Esse retorno mostra que a camada densa está participando do ranking. Ele também ajuda a manter a expectativa no lugar certo. Embedding denso melhora consultas por intenção, como sistema lento. Correção fuzzy continua melhor para erro de digitação, como hexagonil. Distância de edição continua melhor para sigla digitada com uma letra a mais, como CAAP.

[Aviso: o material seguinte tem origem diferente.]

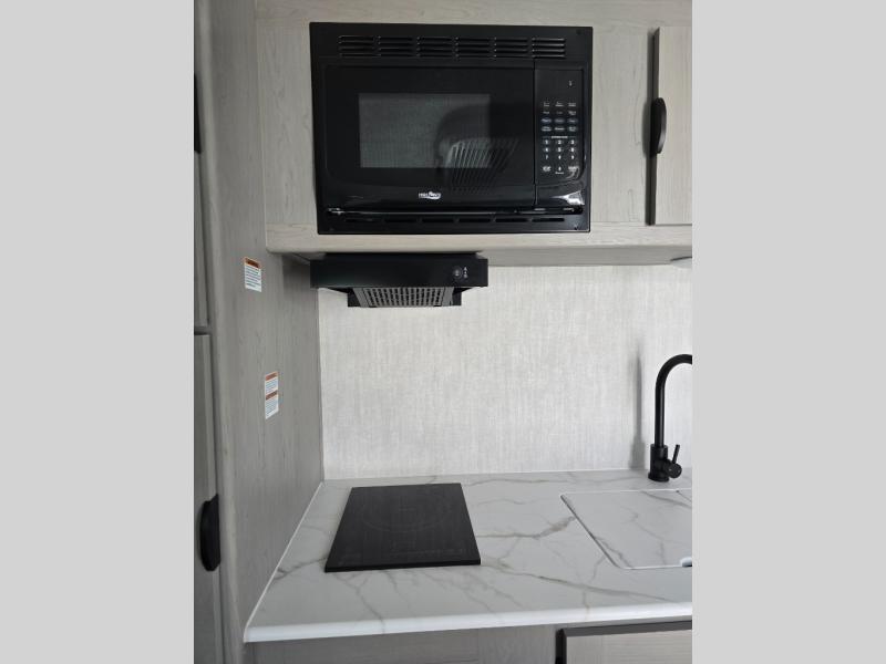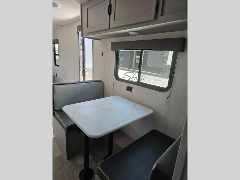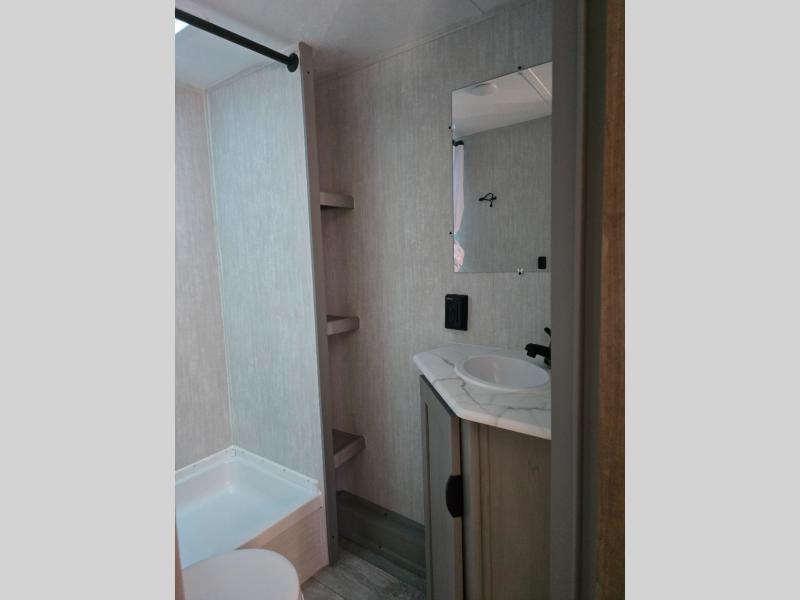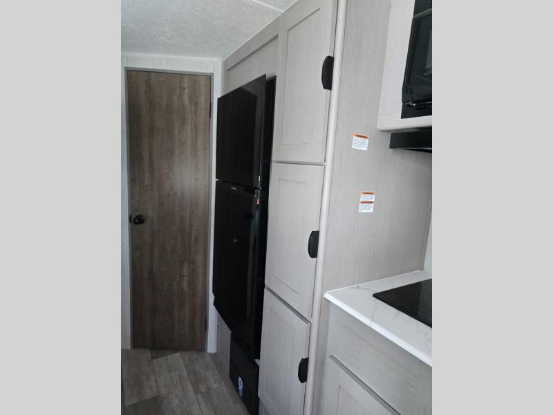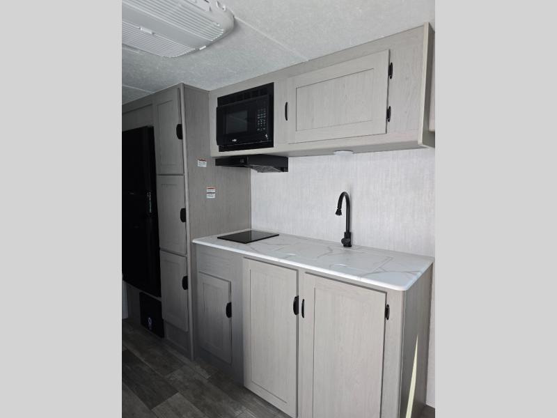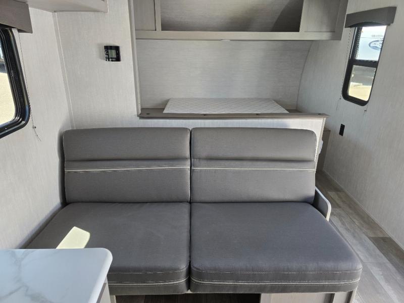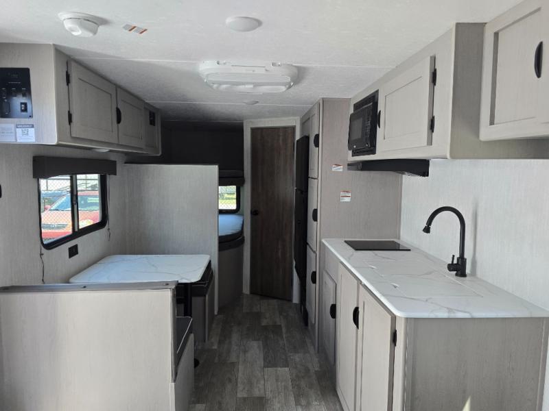 Bring the whole family with you in this travel trailer! The kiddos can sleep on the rear corner set of double-size bunks. The opposite rear corner features a full bath including a 24" x 36" shower, linen cabinet, toilet, and vanity with a medicine cabinet overhead. In the main living space you will find plenty of seating with a booth dinette and jackknife sofa which can also transform into an extra sleeping space if needed. Everyone's bellies will stay full with the two burner cooktop, 12-volt refrigerator, and microwave which you can use to pop a bag of popcorn for movie night. You will enjoy the front bedroom for a bit of privacy including a queen bed and large overhead cabinet for your things. On the outside, a large front pass-through for lawn chairs and camp gear. There is more storage beneath the double bed bunks in back and a nice 10' awning to provide protection from the elements when outdoors.
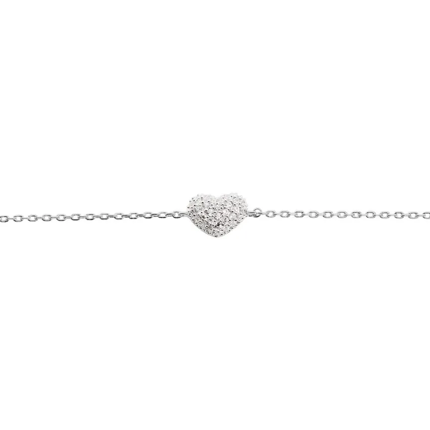 Bracelet Argent Blanc 925/1000 Motif C艙ur Pave Oxyde De Zirconium 18cm
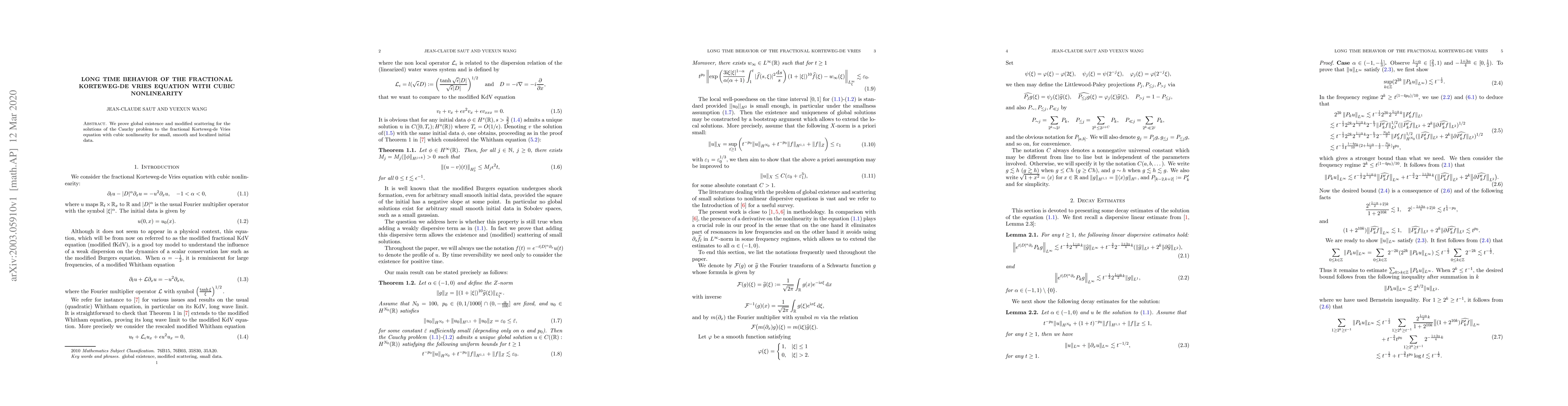 Summary: This paper proves global existence and modified scattering for solutions to the fractional Korteweg-de Vries equation with cubic nonlinearity, demonstrating the behavior of small, smooth, and localized initial data over time. The results establish the long-term dynamics of the equation.

Quando um artigo novo entra, o build gera uma nova base SQLite e o deploy publica esse arquivo junto com o site. O serviço observa a data de modificação da base. Quando percebe que o índice mudou, limpa o cache e passa a abrir a versão atualizada nas próximas consultas.

O fluxo ficou assim.

sequenceDiagram
    participant Build as Esteira
    participant Site as Arquivos publicados
    participant Service as Serviço de busca
    Build->>Build: gera HTML e base SQLite
    Build->>Site: publica pacote novo
    Service->>Site: detecta mudança na base
    Service->>Service: limpa cache de consultas
    Service->>Site: usa índice atualizado

Essa decisão mantém embeddings densos no servidor, mas evita multiplicar processos por tecla digitada. É uma forma de respeitar a infraestrutura sem desistir da intenção original.

A busca depois da publicação

A busca não termina quando o endpoint responde.

Depois que o mecanismo entra no site, aparecem perguntas que o código sozinho não responde. Quais termos as pessoas digitam? Quais consultas voltam vazias? Quais resultados aparecem no topo e não recebem clique? Quais palavras o leitor usa que o autor quase nunca usa?

Se esse blog passar a coletar analytics de busca, o Postgres volta a entrar na conversa. Ele poderia guardar termo pesquisado, idioma, quantidade de resultados, primeiro resultado, clique ou ausência de clique. Com isso, seria possível ajustar vocabulário, criar aliases e escrever artigos onde há demanda.

Essa camada não precisa existir no primeiro momento. Para começar, log local, testes de consultas conhecidas e revisão manual dos resultados já dão sinais suficientes. Quando o volume justificar, o mesmo desenho aceita uma tabela de eventos sem trocar o índice inteiro.

Busca revela o vocabulário do leitor. Às vezes o leitor procura por uma palavra que o autor nunca usa. Essa diferença mostra uma distância entre como o conteúdo foi escrito e como ele é procurado.

Fechamento

O mecanismo implementado neste blog nasceu de uma restrição simples. Eu queria busca inteligente sem transformar a hospedagem em uma plataforma complexa.

A solução ficou em camadas.

Markdown vira HTML e também vira índice. Artigos longos viram chunks. Chunks entram no SQLite. FTS5 oferece busca textual rápida. BM25 ordena por relevância. Um vocabulário do corpus corrige typos. Um vetor lexical enriquecido aproxima alguns conceitos dentro do domínio. A interface destaca termos, permite navegação por teclado e aponta direto para a seção.

O resultado ainda pode evoluir. Analytics pode entrar depois. Um banco vetorial pode entrar depois. Um modelo maior pode entrar depois. Mas a busca já deixou de ser uma comparação literal de strings. Ela passou a combinar o que o leitor digitou, o vocabulário dos artigos, o ranking textual, a correção de erro e a proximidade vetorial.

Esse é o ponto mais importante da implementação. Situações simples foram tratadas com soluções simples e baratas. hexagonil e CAAP precisavam de vocabulário e fuzzy, não de modelo maior. sistema lento se beneficiou de embedding denso porque descreve uma situação, não apenas uma palavra. A arquitetura ficou em camadas para que cada problema pague apenas o custo que precisa pagar.